### Prompt
Transcribe each line below verbatim; pictures excluded.

### Data below
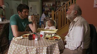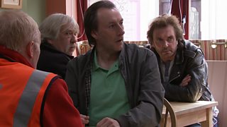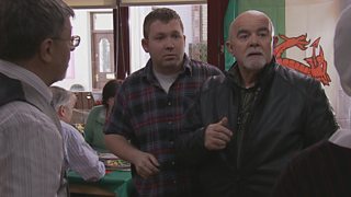 Caiff Iolo siom pan brynai Garry Rhif 7. Iolo’s disappointed when Garry buys No. 7.
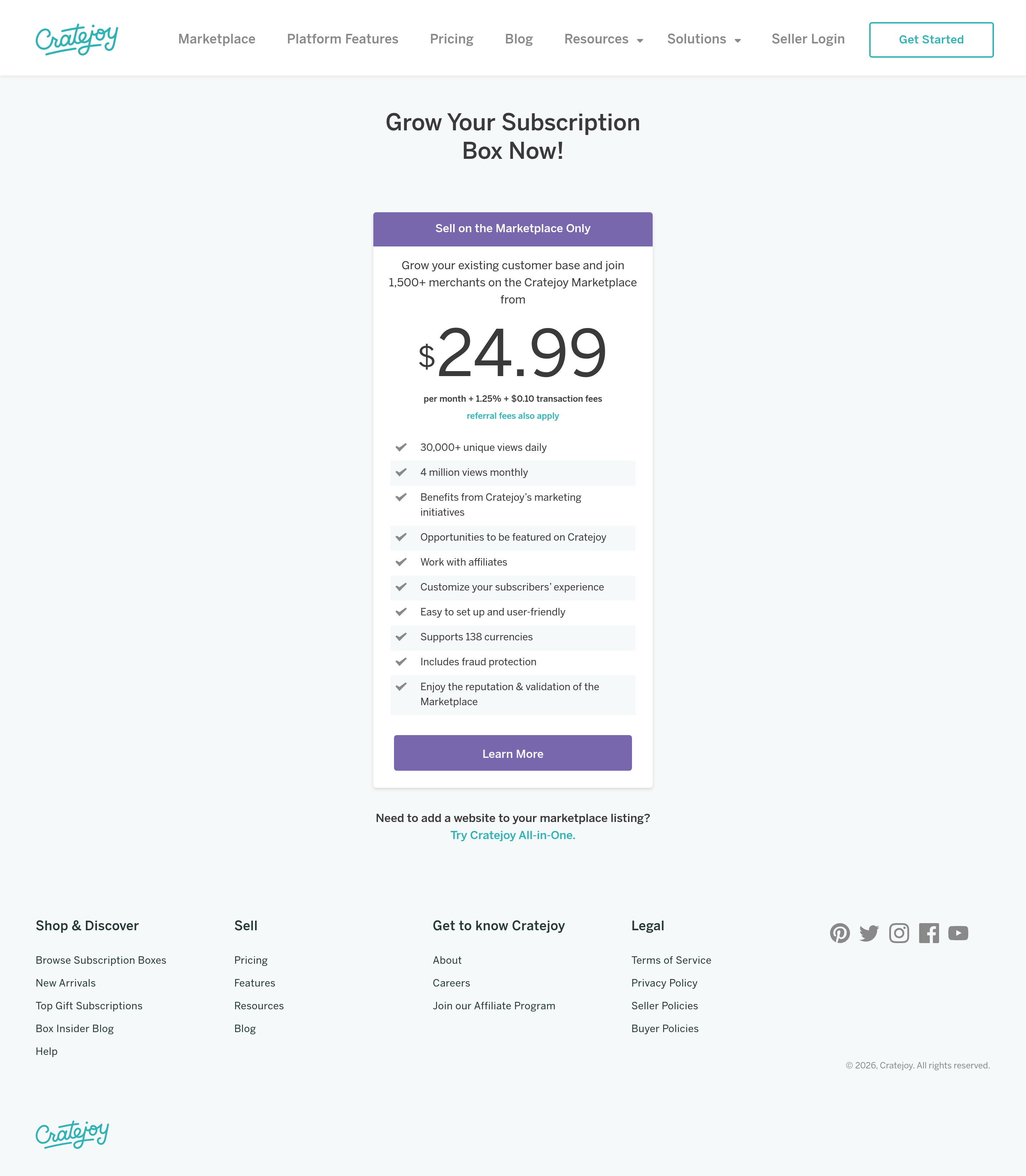 Cratejoy Pricing Page
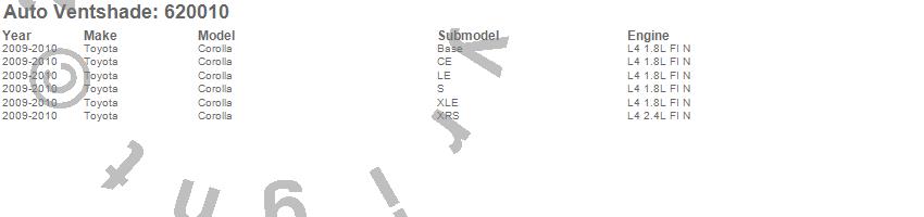 Below is an abbreviated list of applications for the Aeroskin Chrome Hood Protector.Corolla, Toyota, 2010, 2009
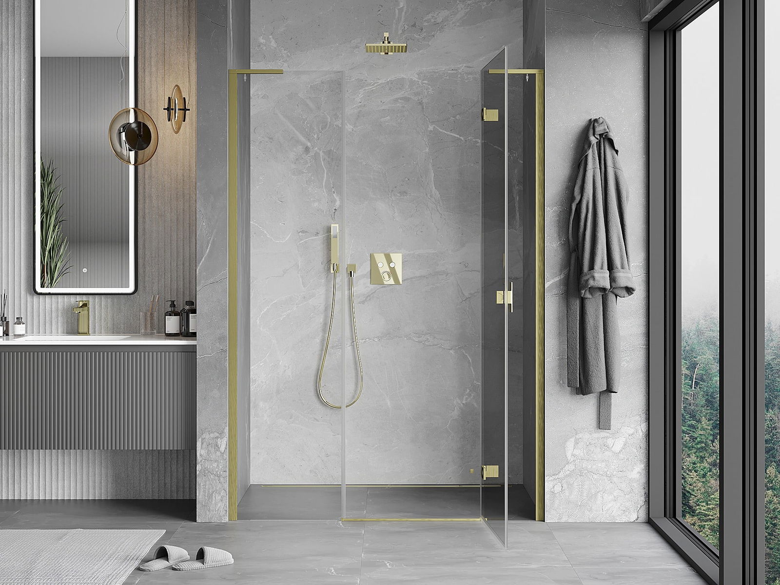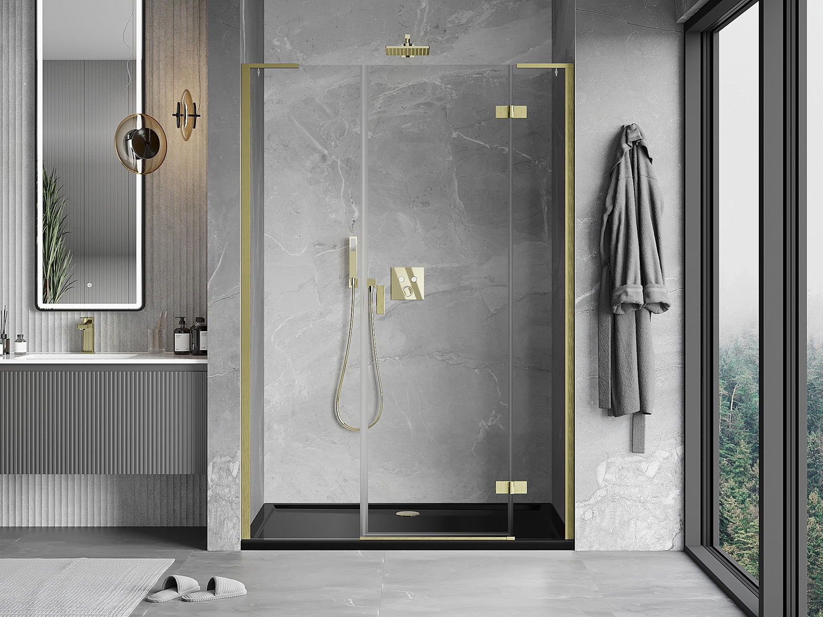 A pega prática e confortável foi feita de metal durável e resistente. A forma moderna combinada com o acabamento ajustado à cor dos perfis confere a todo o conjunto uma aparência moderna e estilosa, realçando a estética de qualquer casa de banho.

### Output of the exercise
 Caiff Iolo siom pan brynai Garry Rhif 7. Iolo’s disappointed when Garry buys No. 7.
 Cratejoy Pricing Page
 Below is an abbreviated list of applications for the Aeroskin Chrome Hood Protector.Corolla, Toyota, 2010, 2009
 A pega prática e confortável foi feita de metal durável e resistente. A forma moderna combinada com o acabamento ajustado à cor dos perfis confere a todo o conjunto uma aparência moderna e estilosa, realçando a estética de qualquer casa de banho.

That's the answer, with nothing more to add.